White matter hyperintensities in the brain and spinal cord
are regions of high signal relative to healthy white matter (WM)
on T2-weighted fluid attenuated inversion recovery (FLAIR) MRI
(see T2-FLAIR at
MRI Questions and
Radiopaedia).
These white matter lesions (WML) are often found in patients with
multiple sclerosis and are also commonly seen in older individuals
(White Matter Lesions - NIH Bookshelf).
Detecting WML and measuring their size and location helps
to assess the extent of WM disease (Fig. 38.1).
The WML and ventricle segmentation masks may be used for classification
of WML as periventricular and deep lesions. It has been shown that periventricular
lesions are more strongly associated with cognitive decline, and therefore
knowing the location of WML in relation to the ventricles may help to characterize
the subject’s neurological status. Currently, the WML classification may be done
with the help of the 3D “bilateral distance” method
(Chen 2021 PMID: 33127308),
available as open-source software (GitHub: WMHS).
The implementation of this method in FireVoxel is under development.
The WML segmentation workflow includes the following steps:
Nonuniformity correction (optional).
Whole-brain segmentation using EdgeWave.
Lateral ventricle segmentation (with multi-pass EdgeWave and
advanced morphology operators).
White matter segmentation – WM is segmented by excluding gray matter (GM)
from the whole-brain mask. GM segmentation can be done by
using a previously created GM mask, or
loading the subject’s T1-weighted magnetization-prepared rapid gradient
echo (MPRAGE) image and using it to automatically segment GM, or
specifying the width of a uniform region to be excluded
from the outer edge of the whole-brain mask (using Peel command).

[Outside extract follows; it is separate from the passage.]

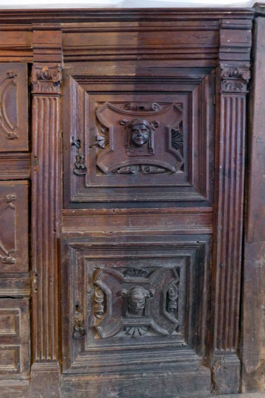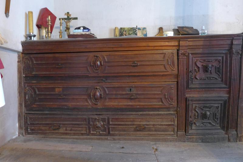 Mueble apoyado en el muro norte de la sacristía que sirve para guardar ornamentos y vestiduras litúrgicas. Se compone de tres cuerpos, el más ancho (a la izquierda, según se mira frontalmente) formado por tres grandes cajones, con dos tiradores de forja cada uno; el central, entre pilastrillas estriadas, con dos cajones rectangulares, para conservar otro tipo de elementos, no textiles. Es el más decorado. Completa el conjunto otro cuerpo formado por un cajón rectangular superior de apertura frontal y dos puertas de apertura lateral en su parte baja, que ocupa el lugar de los dos cajones inferiores del primer cuerpo.
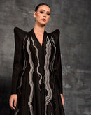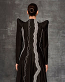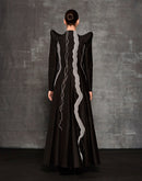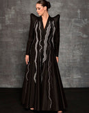 Stunning black floor-length gown with a lapel neckline, front open design, with cotton silk fabric, enhanced with exquisite silk thread and Zardozi embroidery.

“Healthy” WM sampling – The signal is sampled in uniform, lesion-free WM
to determine its mean and standard deviation (mean_WM and stdev_WM,
respectively). Healthy WM signal may be sampled using one of two
available methods:
Using a WM seed (default) – The signal is sampled within a WM seed,
a small (1 mL) cubic vector ROI automatically created
in the most uniform area of WM.
Using the whole WM – The whole WM is sampled. It is assumed that WML
occupy a small volume compared to the whole WM and do not distort
the distribution of the WM signal.
Identifying WML candidates – WM voxels are marked as WML if their signal
exceeds threshold_WML = mean_WM + k x stdev_WM, where k is a user-selected
multiplier. This step results in a preliminary WML segmentation.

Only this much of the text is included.